Exploring ZnO nanostructures with reduced graphene oxide in layer-by-layer films as supercapacitor electrodes for energy storage

Intense research has been done in the field of clean and renewable sources and energy storage. Supercapacitors are a promising technology for portable and wearable electronic systems. The combination of metal oxides with graphene is attractive to form nanocomposite materials to achieve energy storage devices with enhanced properties. Here, we study the fabrication of nanofilms as supercapacitor electrodes using two nanostructures of zinc oxide, tetrapod [ZnO(t)] and star [ZnO(s)], complexed with reduced graphene oxide (rGO) and arranged with poly(allylamine hydrochloride) (PAH), by using the layer-by-layer (LbL) technique on a flexible indium-tin-oxide (ITO) electrode. The morphology of both ZnO-based films was investigated by scanning electron microscopy, which revealed the incorporation of ZnO with rGO and led the formation of nanostructured films with high surface area in two distinct morphologies.

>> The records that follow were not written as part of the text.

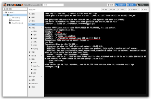 **镜像转换 ** chmod +x img2kvm ./img2kvm openwr.img 104 vm-104-disk-1 openwrt.img是你上传的openwrt x86固件img文件,104是VM ID,disk-1是不重复的硬盘位置码。
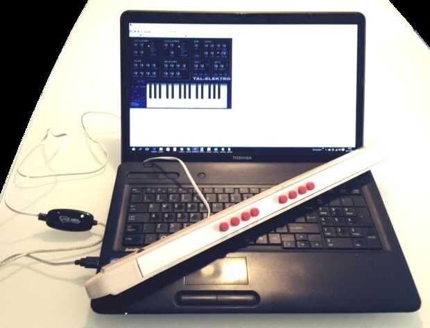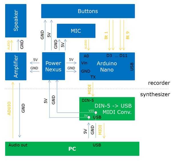 - Controlador de MIDI Recorder: Detecta la presiona de dedo (con 9 teclas) y flujo de aire/de la respiración (con un micrófono que registra nivel de audio) y convierte este usuario entrada serial midi (con un Arduino). También salidas de audio recibido desde el pc (amplificador y altavoces). La segunda imagen muestra cómo al final resulta miradas, los siguientes pasos con más detalle cómo hacer que los componentes.
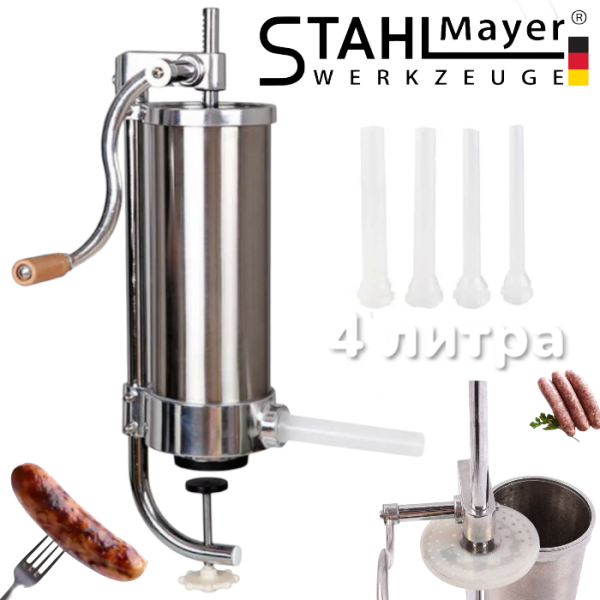 Пълначка за Месо Наденици Колбаси Кайма и др 5 литра Професионална Вертикална Неръждаема Стомана STAHLMAYER
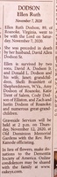 Dodson, Ellen Ruth, 1931 - 2020 Ellen Ruth Dodson, of Roanoke, was born in 1931. She married David Allen Dodson Sr. They had two children, David A. Dodson, Jr. and Donald L. Dodson. Ellen Dodson died on November 7, 2020, and is buried in Old Dominion Memorial Gardens. She lived in Roanoke.
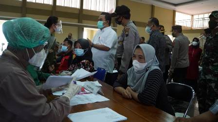 Damarinfo, Blora-Bupati Blora, H. Arief Rohman, bersama Wakil Bupati Tri Yuli Setyowati, dan jajaran Forkopimda, meninjau vaksinasi Covid-19 Sabtu pagi 26-Juni-2021. Ini adalah pelaksanaan vaksinasi yang dilaksanakan secara massal serentak se Kabupaten Blora.
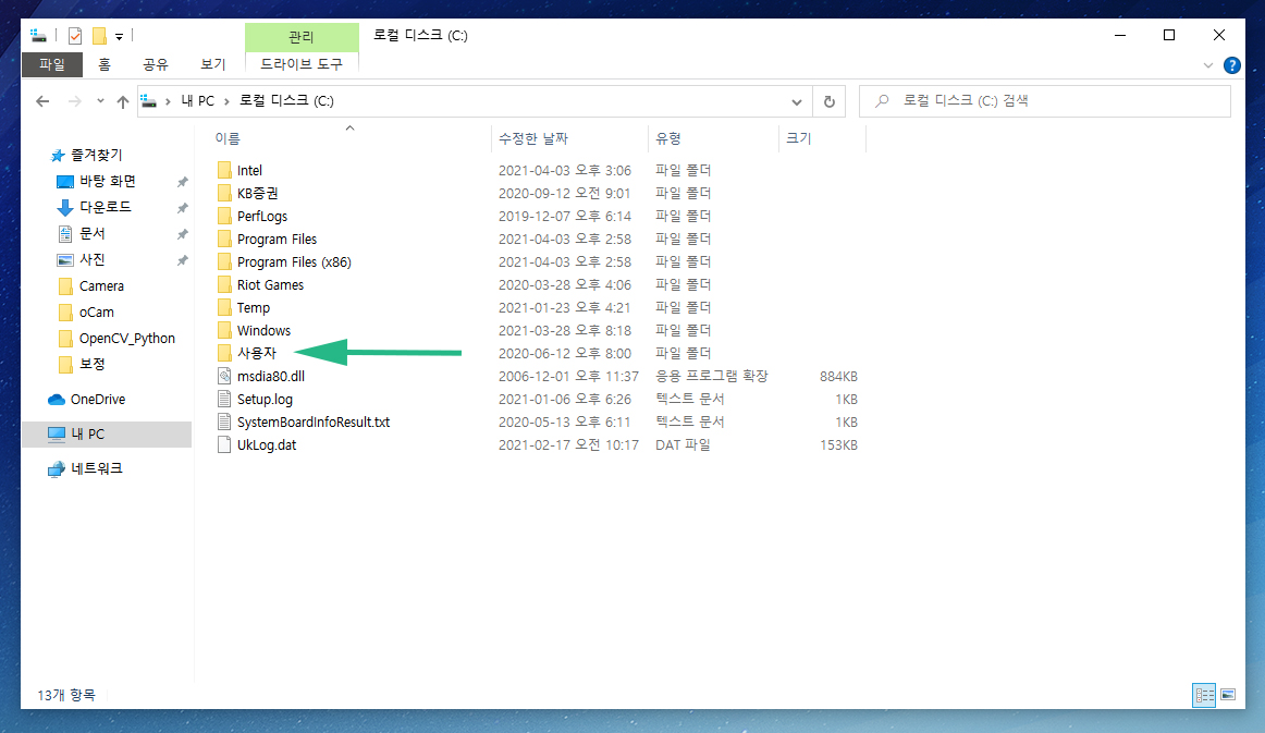 C드라이브에서 사용자를 선택해 줍니다. 윈도우10이 아니거나 영문으로 설정되어 있으면 Users 로 표시됩니다.
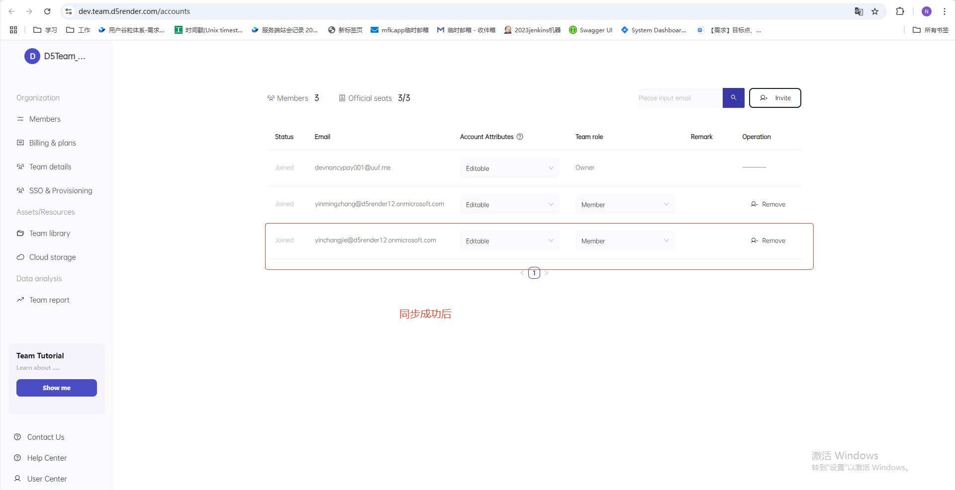 - 等待同步周期完成后,该用户将自动出现在团队中
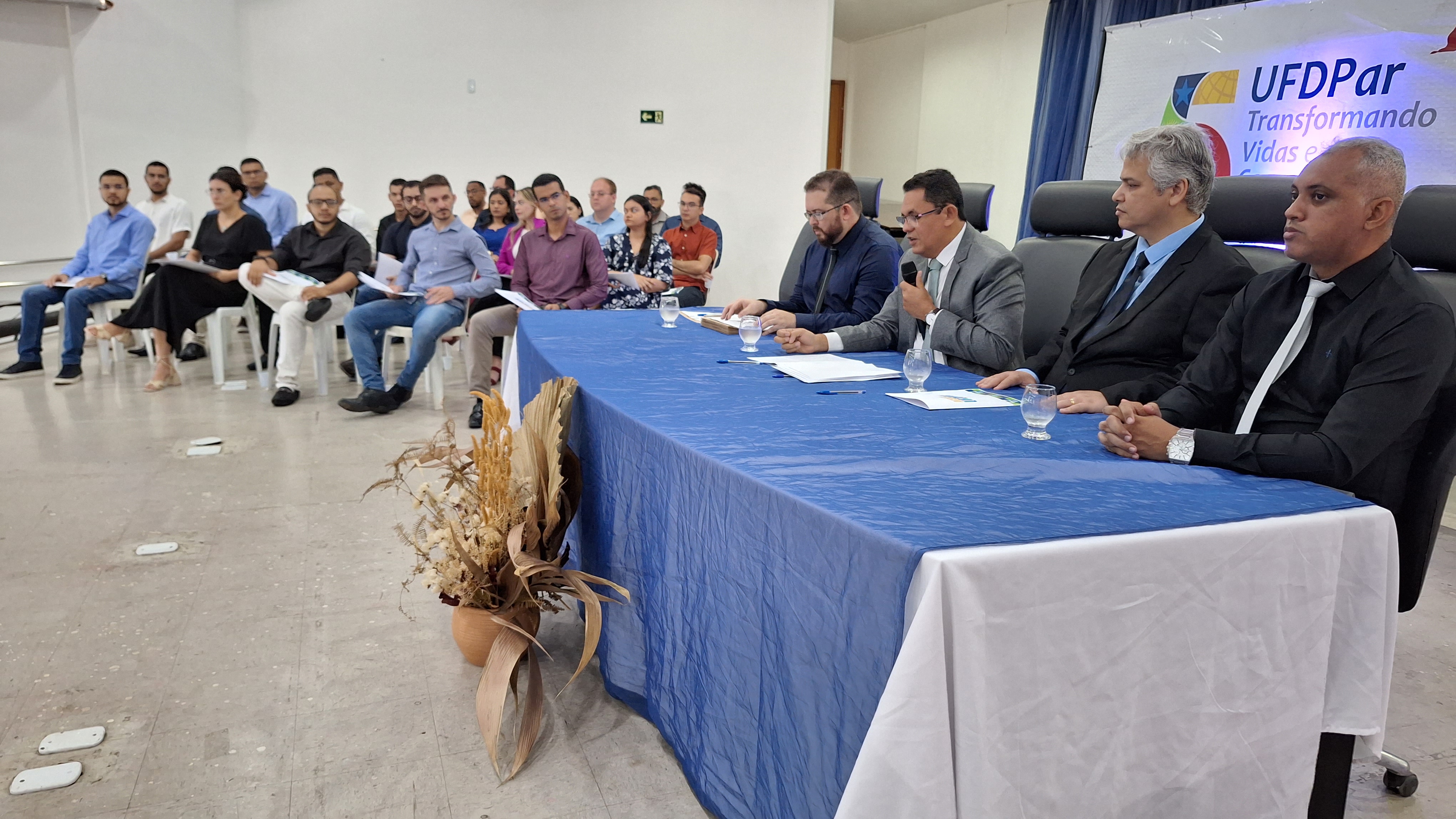 A solenidade foi presidida pelo Reitor da UFDPar, professor João Paulo Sales Macedo, que compôs a mesa de abertura da cerimônia junto ao professor Vicente de Paula Censi Borges, ao Pró-reitor de Gestão de Pessoas, Aurélio Vinícius Araújo Silva, e ao Chefe da Divisão de Cadastro, Provisionamento e Controle, Jó Carlos Neves Freitas.
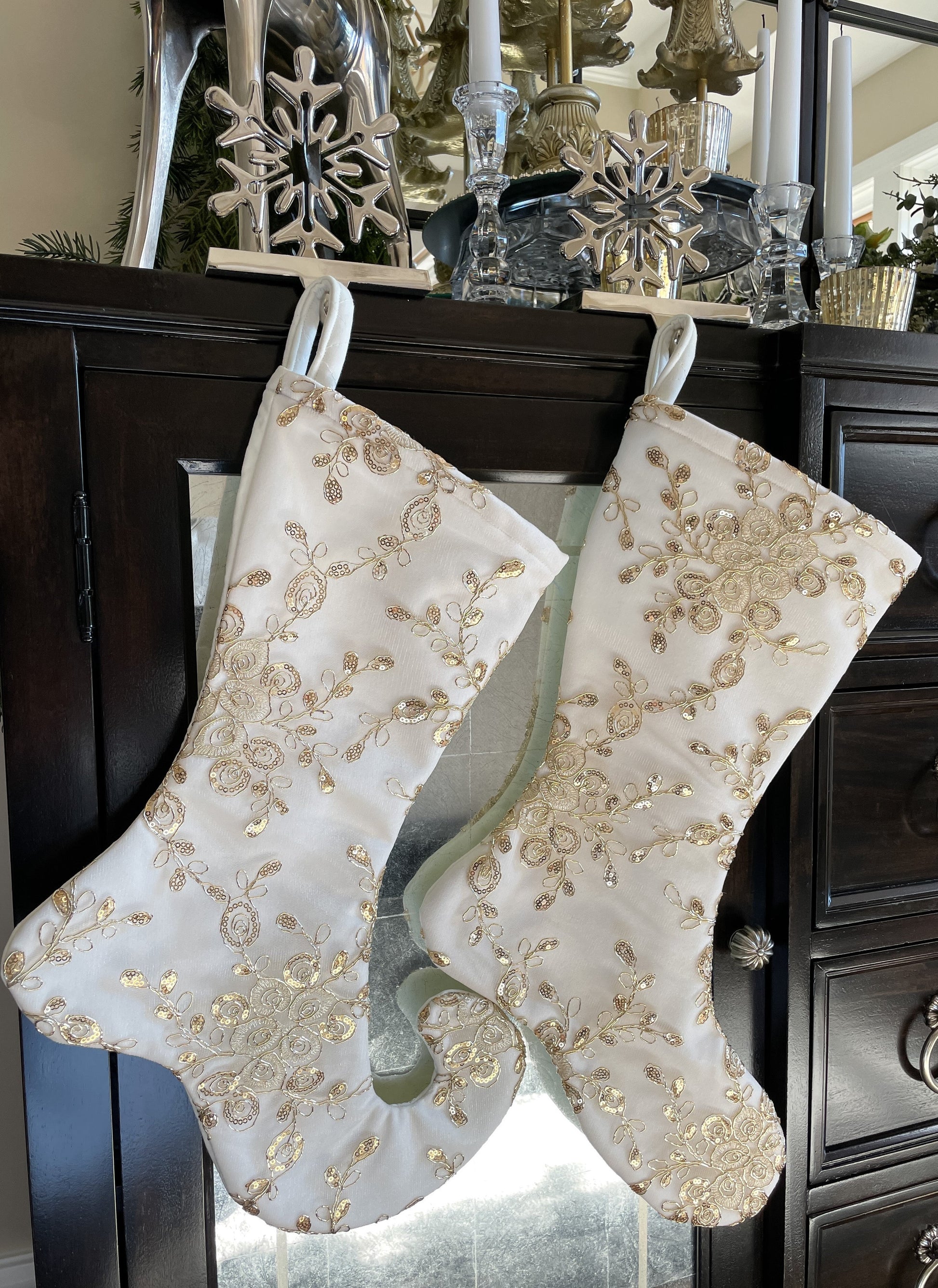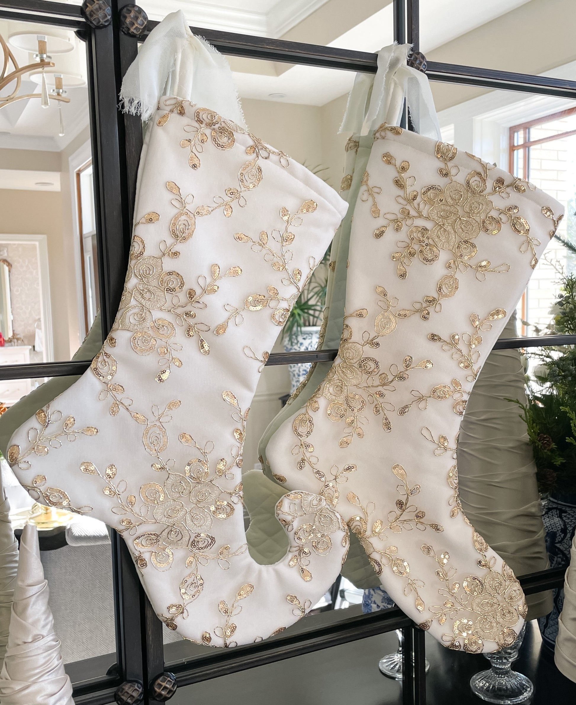 White Velvet Christmas Stocking with Gold Sequin Overlay

Cyclic voltammetry and galvanostatic charge-discharge measurements exhibit profile curves of a supercapacitor-based double-layer energy storage mechanism with high cycling stability over 10,000 cycles. The highest capacitance was achieved for a 20-bilayer LbL film at a 1 mV/s and 1 A/g with values of ca. 5 mF/cm(2) and 140 F/g for ZnO(t)-based film and of ca. 19 mF/cm(2) and 90 F/g for ZnO(s)-based film. Also, films with ZnO(t) presented energy and power densities of ca. 9.5 Wh/kg and 207 W/kg, respectively, while the same parameters exhibited values of ca. 6.0 Wh/kg and 130 W/kg for films with ZnO(s). Our findings indicate that nanofilms-based ZnO-rGO exhibit electrocapacitive properties that permits to be further investigated for energy storage nanostructured systems. (AU)